### Task brief
The data follows this line. Copy verbatim the line with "Lifeguard Save &" and each line after it to the end.

### Exercise inputs
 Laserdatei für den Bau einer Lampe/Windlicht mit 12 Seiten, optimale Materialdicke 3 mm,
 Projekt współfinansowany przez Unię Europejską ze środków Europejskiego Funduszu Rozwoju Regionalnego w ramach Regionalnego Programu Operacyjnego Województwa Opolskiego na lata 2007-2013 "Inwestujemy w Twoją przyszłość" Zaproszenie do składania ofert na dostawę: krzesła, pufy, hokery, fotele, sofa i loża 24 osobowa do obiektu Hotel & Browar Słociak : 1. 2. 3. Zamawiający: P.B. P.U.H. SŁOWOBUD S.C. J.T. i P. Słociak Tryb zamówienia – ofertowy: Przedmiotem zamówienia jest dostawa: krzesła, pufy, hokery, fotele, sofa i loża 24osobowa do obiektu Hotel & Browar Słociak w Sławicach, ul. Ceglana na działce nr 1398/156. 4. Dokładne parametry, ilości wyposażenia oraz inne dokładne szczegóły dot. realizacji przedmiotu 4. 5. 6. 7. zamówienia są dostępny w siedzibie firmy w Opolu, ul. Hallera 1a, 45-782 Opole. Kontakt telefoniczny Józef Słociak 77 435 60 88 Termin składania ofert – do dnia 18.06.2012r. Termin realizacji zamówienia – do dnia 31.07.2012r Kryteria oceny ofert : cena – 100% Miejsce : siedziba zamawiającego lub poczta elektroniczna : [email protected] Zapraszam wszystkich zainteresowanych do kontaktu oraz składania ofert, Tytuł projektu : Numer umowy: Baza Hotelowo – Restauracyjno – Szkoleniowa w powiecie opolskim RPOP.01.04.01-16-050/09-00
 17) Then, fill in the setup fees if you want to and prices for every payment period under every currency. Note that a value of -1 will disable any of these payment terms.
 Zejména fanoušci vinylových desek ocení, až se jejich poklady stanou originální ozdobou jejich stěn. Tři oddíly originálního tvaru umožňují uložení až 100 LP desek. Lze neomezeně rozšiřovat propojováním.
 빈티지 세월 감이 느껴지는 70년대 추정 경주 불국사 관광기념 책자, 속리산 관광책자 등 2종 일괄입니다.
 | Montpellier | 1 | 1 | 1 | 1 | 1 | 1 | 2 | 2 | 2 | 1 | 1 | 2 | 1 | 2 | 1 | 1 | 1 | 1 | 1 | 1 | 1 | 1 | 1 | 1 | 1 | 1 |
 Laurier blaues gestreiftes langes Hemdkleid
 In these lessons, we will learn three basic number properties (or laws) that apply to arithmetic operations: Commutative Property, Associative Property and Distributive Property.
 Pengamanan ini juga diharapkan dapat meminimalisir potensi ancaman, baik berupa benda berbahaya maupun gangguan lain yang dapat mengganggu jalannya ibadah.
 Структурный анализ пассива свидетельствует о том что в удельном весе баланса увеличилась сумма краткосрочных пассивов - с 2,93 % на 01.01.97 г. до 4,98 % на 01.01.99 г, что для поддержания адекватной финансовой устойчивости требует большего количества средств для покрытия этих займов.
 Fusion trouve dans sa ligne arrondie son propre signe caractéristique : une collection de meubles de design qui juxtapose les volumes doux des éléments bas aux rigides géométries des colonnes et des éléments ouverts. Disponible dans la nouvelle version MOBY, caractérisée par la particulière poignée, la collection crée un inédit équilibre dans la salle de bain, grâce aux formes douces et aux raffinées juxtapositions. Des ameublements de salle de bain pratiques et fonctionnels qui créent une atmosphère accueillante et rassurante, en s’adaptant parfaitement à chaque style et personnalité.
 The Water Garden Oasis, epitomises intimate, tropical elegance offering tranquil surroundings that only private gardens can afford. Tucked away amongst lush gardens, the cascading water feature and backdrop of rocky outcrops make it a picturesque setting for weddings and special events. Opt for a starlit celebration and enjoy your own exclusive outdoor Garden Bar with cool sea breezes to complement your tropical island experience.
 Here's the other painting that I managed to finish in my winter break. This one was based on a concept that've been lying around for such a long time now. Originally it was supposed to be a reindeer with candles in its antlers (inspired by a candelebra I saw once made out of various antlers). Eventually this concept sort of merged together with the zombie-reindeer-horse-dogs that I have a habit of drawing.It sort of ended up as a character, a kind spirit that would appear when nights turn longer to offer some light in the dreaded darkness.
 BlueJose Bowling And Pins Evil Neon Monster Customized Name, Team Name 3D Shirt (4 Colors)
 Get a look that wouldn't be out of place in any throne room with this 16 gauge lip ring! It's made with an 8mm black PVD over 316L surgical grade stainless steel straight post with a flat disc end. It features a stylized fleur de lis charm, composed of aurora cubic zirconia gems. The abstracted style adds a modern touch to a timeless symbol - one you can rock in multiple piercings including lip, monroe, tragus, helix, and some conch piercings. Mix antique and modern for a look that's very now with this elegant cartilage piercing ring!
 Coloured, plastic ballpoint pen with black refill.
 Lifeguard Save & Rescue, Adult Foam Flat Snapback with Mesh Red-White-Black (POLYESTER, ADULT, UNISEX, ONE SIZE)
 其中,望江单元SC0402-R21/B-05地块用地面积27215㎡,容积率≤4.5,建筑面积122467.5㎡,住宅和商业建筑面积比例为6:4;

### Written response
 Lifeguard Save & Rescue, Adult Foam Flat Snapback with Mesh Red-White-Black (POLYESTER, ADULT, UNISEX, ONE SIZE)
 其中,望江单元SC0402-R21/B-05地块用地面积27215㎡,容积率≤4.5,建筑面积122467.5㎡,住宅和商业建筑面积比例为6:4;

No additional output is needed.